As I mentioned in my comment above, the answer to the question is no, as demonstrated by the following example by Igor Belegradek in this MathOverflow answer which I have replicated below:
Consider the pullback $\xi$ of $TS^2$ via the projection of $S^2\times\mathbb R$ onto the first factor. The bundle $\xi$ is a nontrivial $\mathbb R^2$-bundle over $S^2\times\mathbb R$ because its pullback under the inclusion $S^2\to S^2\times\mathbb R$ is $TS^2$, which is nontrivial. On the other hand, its total space is $\mathbb R\times TS^2$ which is diffeomorphic to $S^2\times\mathbb R^3$, which is the total space of the trivial $\mathbb R^2$-bundle over $S^2\times\mathbb R$.
Let me add some details.
Let $\pi : TS^2 \to S^2$ be the vector bundle projection, and $\operatorname{pr}_1 : S^2\times\mathbb{R} \to S^2$ the natural projection map. Define $\xi := \operatorname{pr}_1^*TS^2$ and consider the inclusion $i : S^2 \to S^2\times\mathbb{R}$, $p \mapsto (p, 0)$. Note that
$$i^*\xi = i^*\operatorname{pr}_1^*TS^2 = (\operatorname{pr}_1\circ\ i)^*TS^2 = \operatorname{id}_{S^2}^*TS^2 = TS^2.$$
As the pullback of a trivial bundle is trivial, and $i^*\xi = TS^2$ is non-trivial, we see that $\xi$ is a non-trivial vector bundle over $S^2\times\mathbb{R}$.

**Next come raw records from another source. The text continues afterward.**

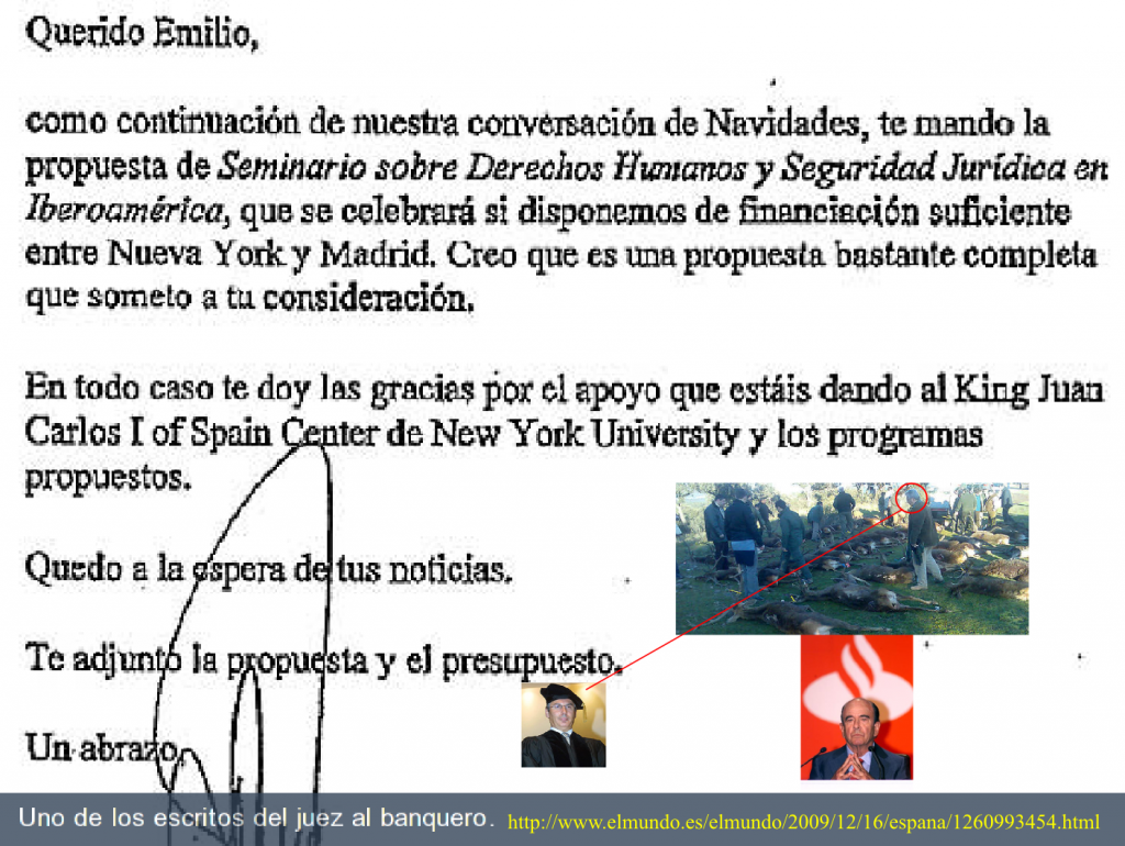 Y ahora el “ni directa ni indirectamente” deja en evidencia a su autor, ya que en las cartitas de afecto amical, pide Garzón a Botín dinero para el presupuesto de sus conferencias en Nueva York, lo llama “querido Emilio”, envía “un enorme abrazo”, y bajo su firma aparece la inclusión de “Magistrado-Juez”, cartas de 2005 y 2006, tras las cuales no se excusó de conocer de la querella contra sus patrocinadores. No olvidemos un detalle, Botín en 2005 era un banquero procesado por el famoso caso de las cesiones de crédito ante la Audiencia Nacional y cuando supo de la petición del juez Garzón debió de sentirse contentísimo. Por parte de Garzón es una violación de la ética judicial pedirle dinero valiéndose de la ascendencia del cargo que ocupa a un banquero perseguido por la justicia.
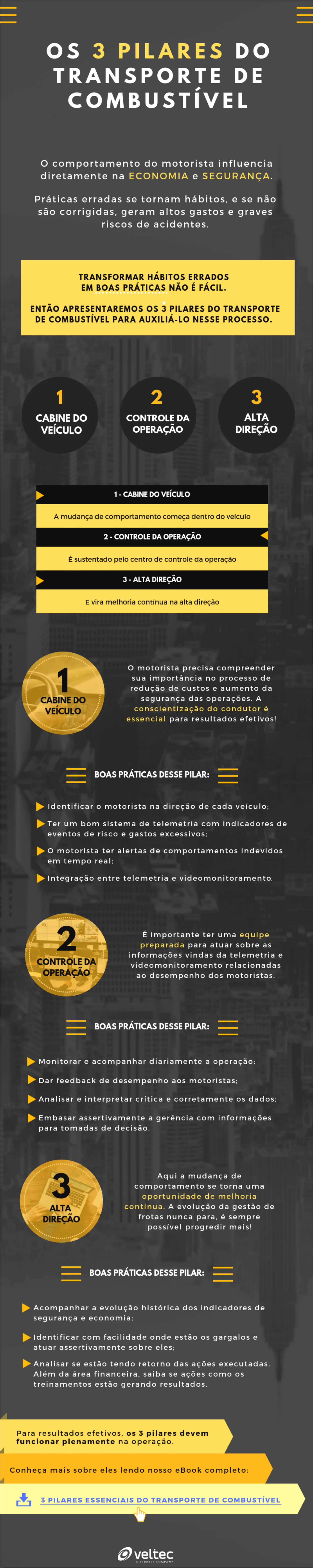 Preparamos um Infográfico com os 3 pilares do transporte de combustível. Saiba como transformar hábitos errados de direção dos seus condutores em boas práticas. Preencha o formulário ao lado e receba o Infográfico.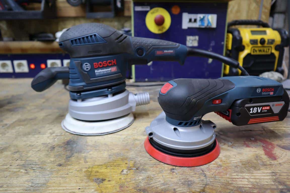 Dennoch hat der GEX 18V-125 auch Vorteile. Erstens ist er handlicher und zweitens kannst du ihn frei ohne Kabel benutzen. Deshalb würde ich diesen bei kleinen Flächen, Feinschliff oder Rundungen vorziehen.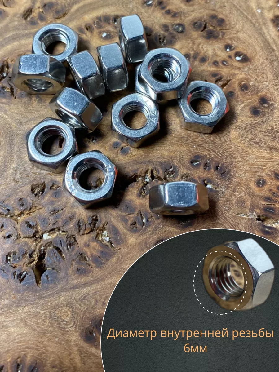 Гайка Нержавеющая М6 DIN 934 А2 шестигранная 10 шт АС3100600093D07 1 шт.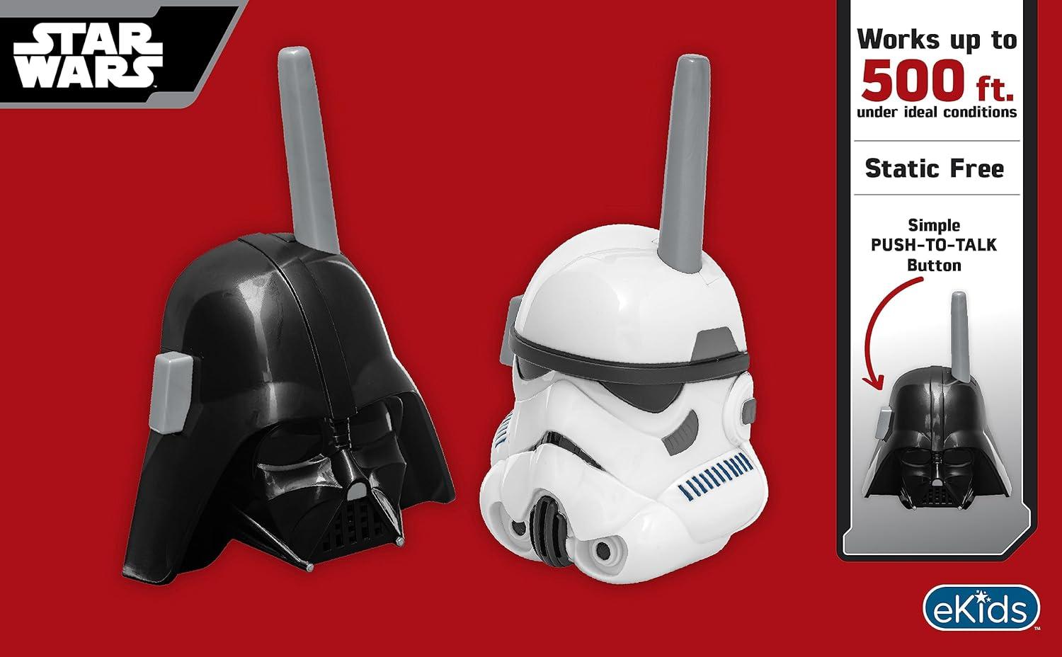 The all new Star Wars Kilo Ren and first order trooper kid friendly walkie talkies are here!! Grab a friend and have a blast. Enjoy the static free quality and extended range during your playtime. The easy to use push to talk button makes these walkie talkies very kid friendly. Go on adventures with friends indoors or outside. The Star Wars Kilo Ren and first order trooper style makes these walkie talkies the perfect gift or birthday present for your little one. Features: 2 way walkie talkies to use push to talk buttonstatic free extended range Star Wars Kilo Ren and first order trooper style Perfect gift order now!!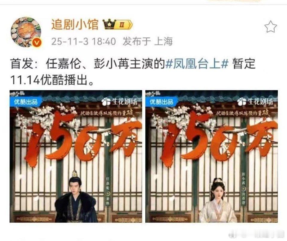 卧槽!任嘉伦 彭小苒《凤凰台上》11.14来!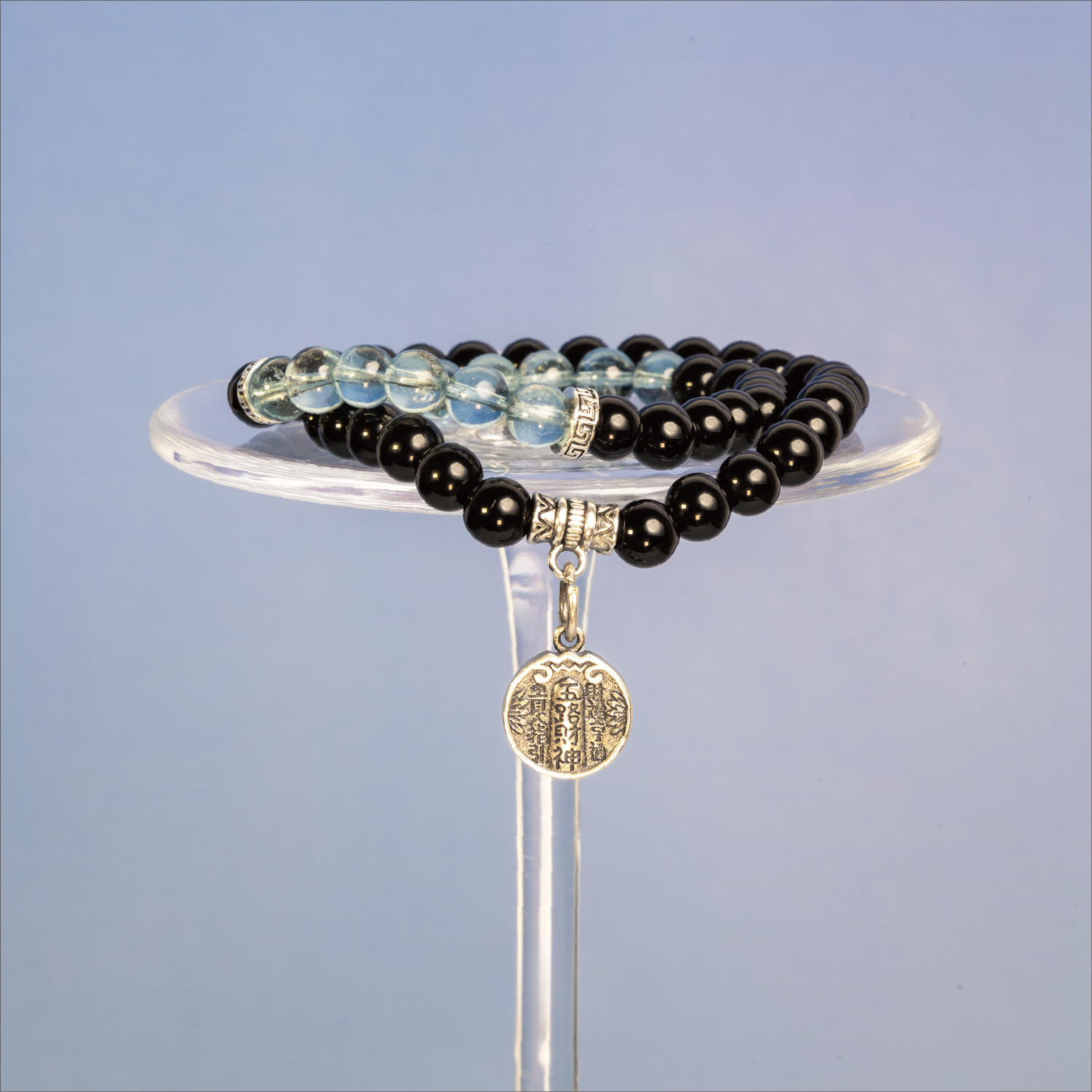 Unlock Abundance and Prosperity with the Aquamarine Black Obsidian Crystal Five Paths God of Wealth Bracelet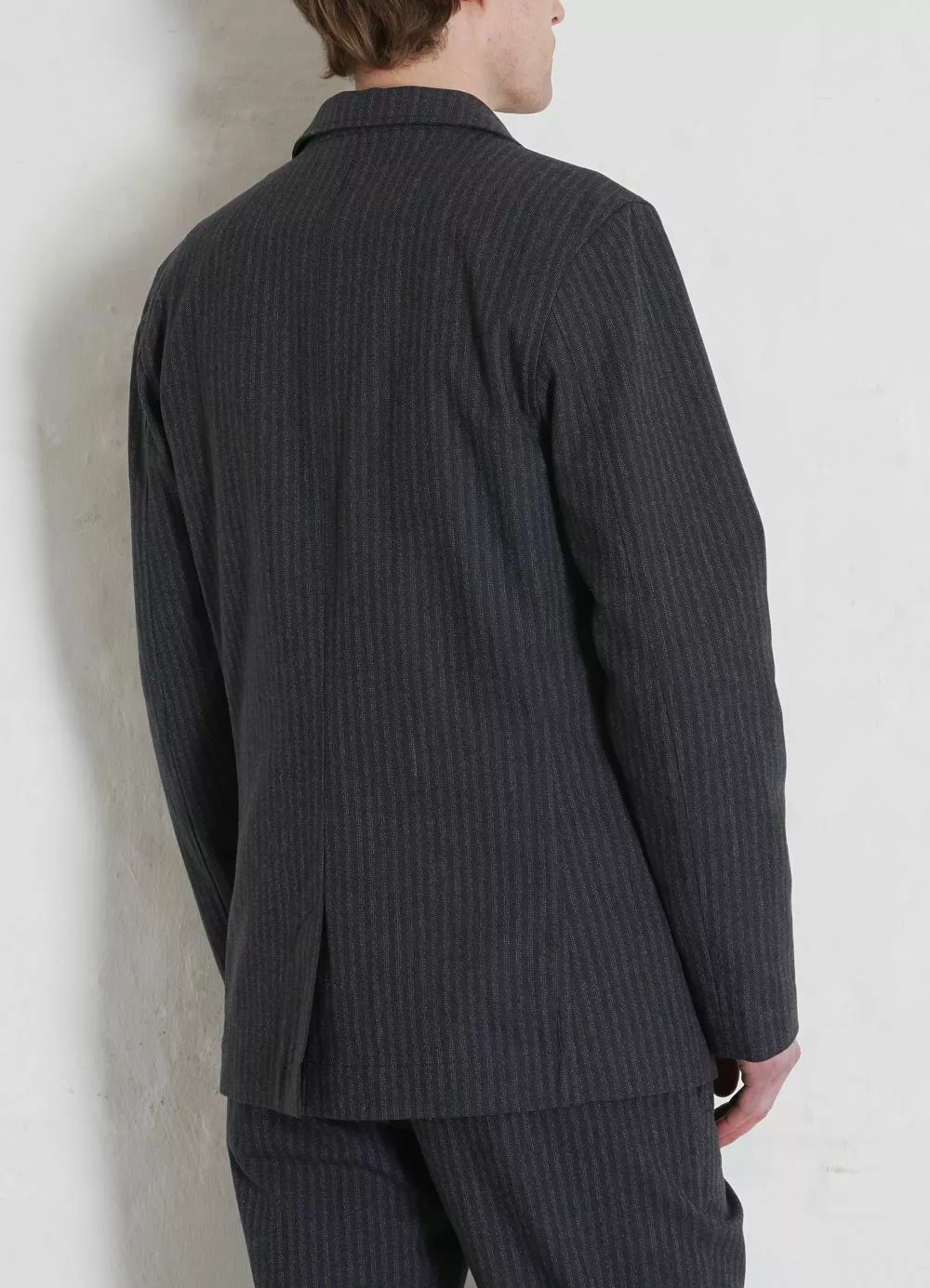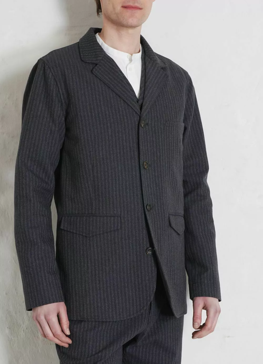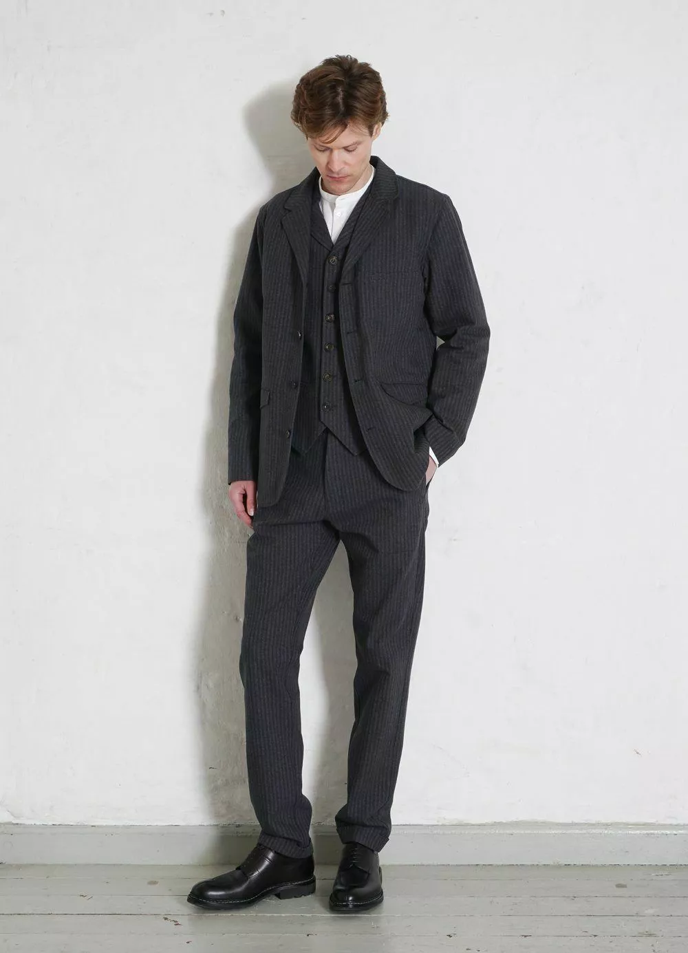 The fabric is a combination of a Herringbone weave and Pinstripes. It is made of 100% cotton with a pin striped pattern. It is classic and has strong traditions within men’s clothing with references to power and wealth. Pin stripes origins from uniforms worn by those who worked in banks, for the purpose of easily being recognized and not mistaken for being robbers or other intruders.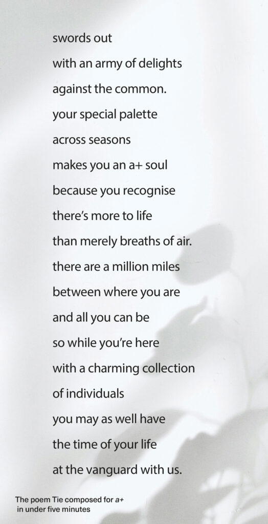 Following the interview, we put the poet to the test. The poem below was created for a+ and incorporates our tagline, “at the vanguard ”.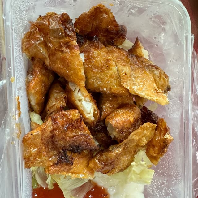 The Green Bovine Universe919 reviewsThe inner fillings are bits of mock prawns, carrots and mixture of vegetables. A little oily to my liking, and not something I would eat everyday although it’s crispy and quite tasty. Serve with sweet chili and vegan mayo that elevates the taste. #fingerfood #frittersPrawn Rolls(mock)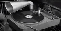 Kiss Tomorrow Goodbye (1950) Phonograph - A phonograph record that has captured incriminating evidence against a police detective (Ward Bond) is used as blackmail by James Cagney to force him to join his team of criminals. See Movie Poster and Movie Still.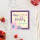 Bonito flores rosa e roxa com coquetel Feliz Aniversário espiral amarela. Personalizado com seu nome de família ou amigo. Personalizado para as suas cores favoritas!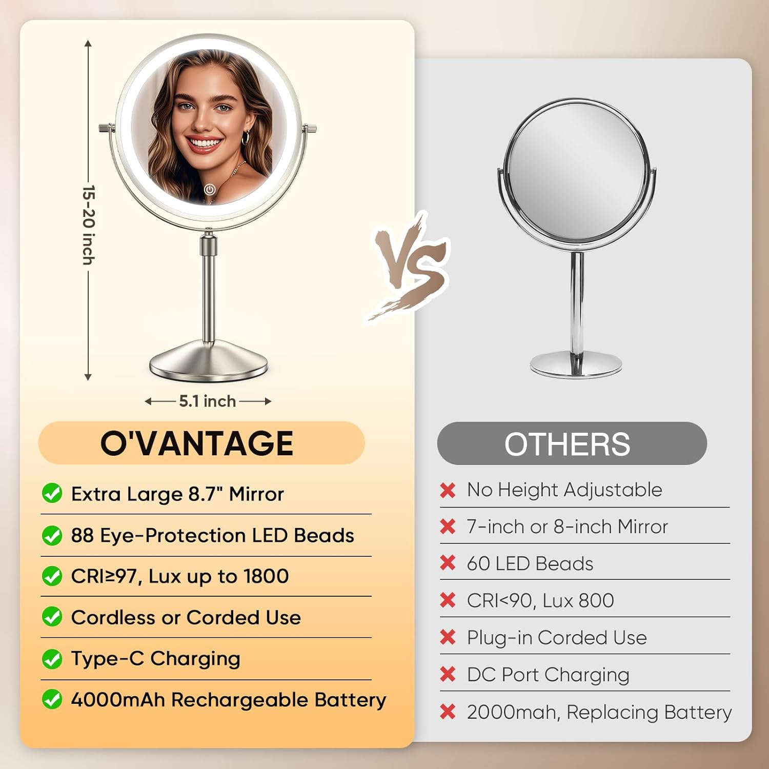 | Additional Features | 2-Sided Lighted 8.7" Mirrors, 1x/10x Magnifying,, 3 Colors Light & Brightness Adjustable, CRI>97 Premium LEDs,, 30-min Auto-off, Memory Function, 4000mAh Premium Rechargeable Battery,, Height Adjustable 15"-20", |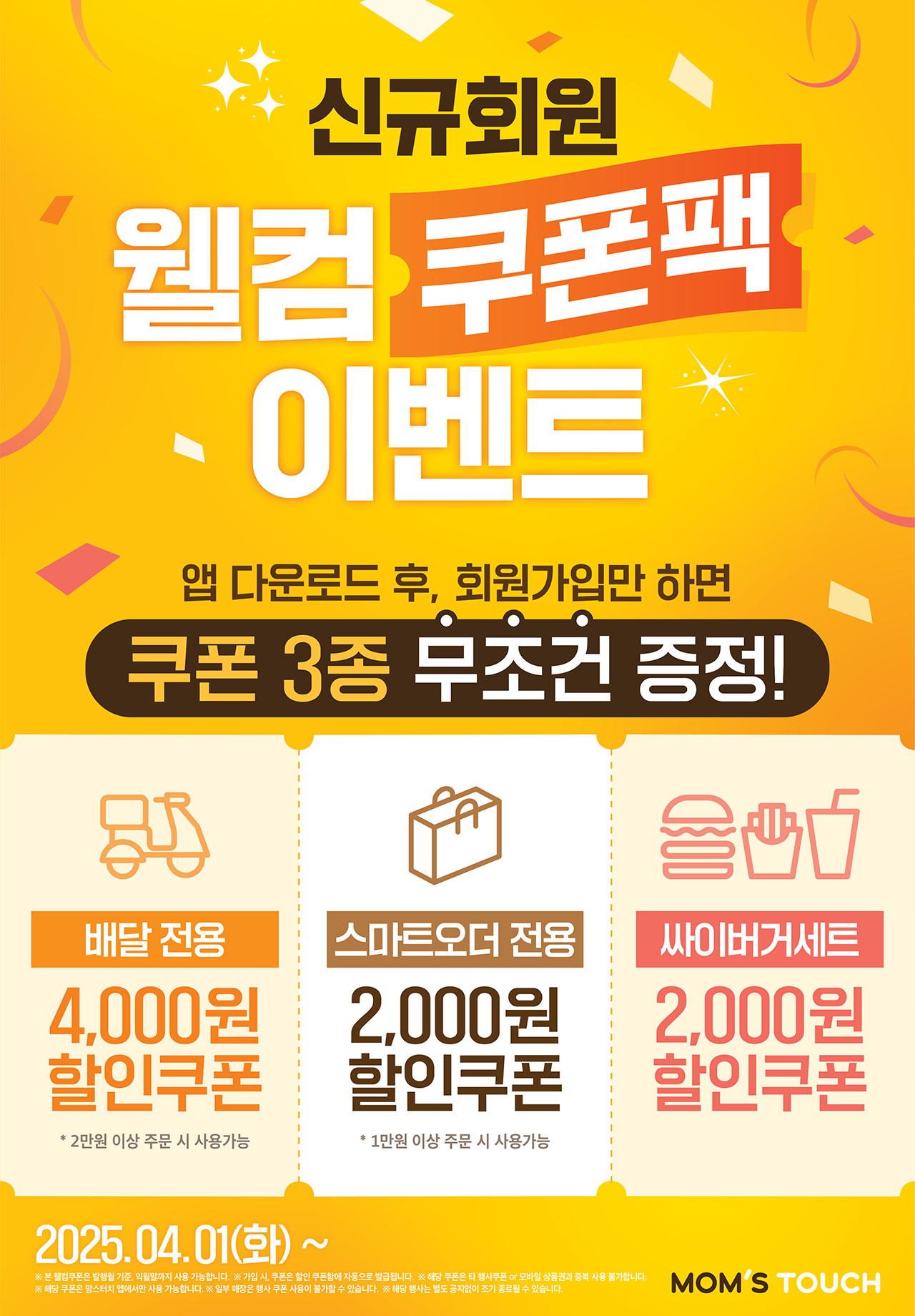 | 땡겨요(배달앱) | 치킨·버거 단품 등 | 랜덤쿠폰 1,000~2,000원 | 쿠폰 발급 후 맘스터치 단품 주문 시 적용 |

On the other hand, by definition, the total space of $\xi$ is given by
$$\xi = \operatorname{pr}_1^*TS^2 = \{((p, t), v) \in (S^2\times\mathbb{R})\times TS^2 \mid \pi(v) = p\}.$$
Now note that, as bundles over $S^2$, we also have
$$\varepsilon^1\oplus TS^2 = (S^2\times\mathbb{R})\oplus TS^2 = \{((p, t), v) \in (S^2\times\mathbb{R})\times TS^2 \mid \pi(v) = p\}$$
where the last equality is the definition of the direct sum of vector bundles.
As $TS^2 \to S^2$ is stably trivial, $\varepsilon^1\oplus TS^2 \cong \varepsilon^3 = S^2\times\mathbb{R}^3$. So the total space of the non-trivial rank two vector bundle $\xi \to S^2\times\mathbb{R}$ is diffeomorphic to $S^2\times\mathbb{R}^3$ and hence to the trivial rank two vector bundle over $S^2\times\mathbb{R}$, i.e. $(S^2\times\mathbb{R})\times\mathbb{R}^2$.
The point is that the total space of the non-trivial vector bundle $\xi \to S^2\times\mathbb{R}$ can also be viewed as the total space of a trivial bundle over $S^2$.